Leaving the pictures out, print the lines from the first line of the listing through the line containing "Аудио адаптер NFC", exactly as they read, and no others.

** Data below follows **

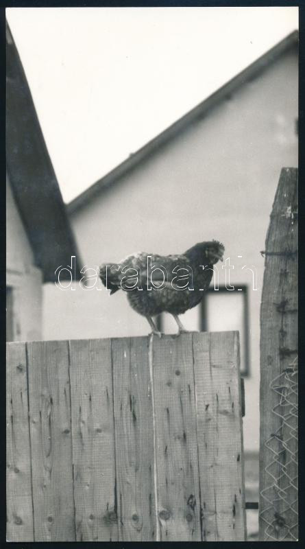 Beschreibung: 1963 Horváth István debreceni fotóművész feliratozott, vintage fotóművészeti alkotása (Tyúk), ezüst zselatinos fotópapíron, 23x12,7 cm
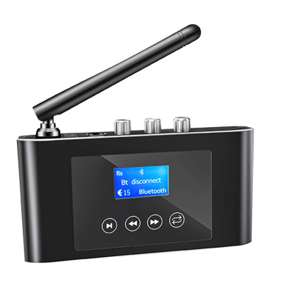 Аудио адаптер NFC T38 Bluetooth 5.1 применяется для приема и передачи аудио сигнала на расстоянии 15 м. Компактный блютуз приемник для аудиосистемы, проекторов, телевизоров, компьютеров также может использоваться в мультимедийной системе автомобиля для расширения ее функционала. Беспроводной аудио адаптер оснащен светодиодным дисплеем с подсветкой, на котором видны проигрываемые треки, выставляемые настройки. Адаптер оснащен модулем NFC, благодаря которому процесс соединения с телефоном ускоряется. Блютуз аудио ресивер также можно подключать проводным способом – для этого в наборе есть USB кабель, провода-тюльпаны, предусмотрены коаксиальные и оптические входы. Bluetooth аудио модуль работает от встроенного аккумулятора.
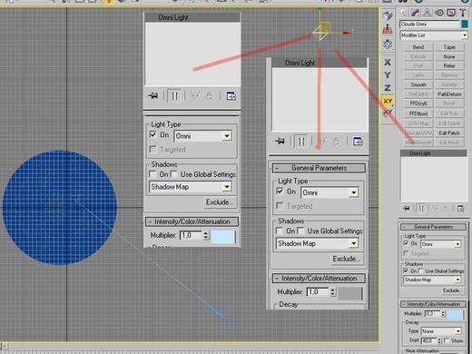 ATM omni – we set the same conditions for it as for Surface omni but Shadow parameters are obligatory. They can be made Rayshadow depending on the render used.
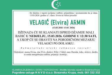Tuga. U 1. godini života na Ahiret preselio VELAGIĆ (Elvira) ARMIN

** End of Data below **

> _Problem solution_
 Beschreibung: 1963 Horváth István debreceni fotóművész feliratozott, vintage fotóművészeti alkotása (Tyúk), ezüst zselatinos fotópapíron, 23x12,7 cm
 Аудио адаптер NFC T38 Bluetooth 5.1 применяется для приема и передачи аудио сигнала на расстоянии 15 м. Компактный блютуз приемник для аудиосистемы, проекторов, телевизоров, компьютеров также может использоваться в мультимедийной системе автомобиля для расширения ее функционала. Беспроводной аудио адаптер оснащен светодиодным дисплеем с подсветкой, на котором видны проигрываемые треки, выставляемые настройки. Адаптер оснащен модулем NFC, благодаря которому процесс соединения с телефоном ускоряется. Блютуз аудио ресивер также можно подключать проводным способом – для этого в наборе есть USB кабель, провода-тюльпаны, предусмотрены коаксиальные и оптические входы. Bluetooth аудио модуль работает от встроенного аккумулятора.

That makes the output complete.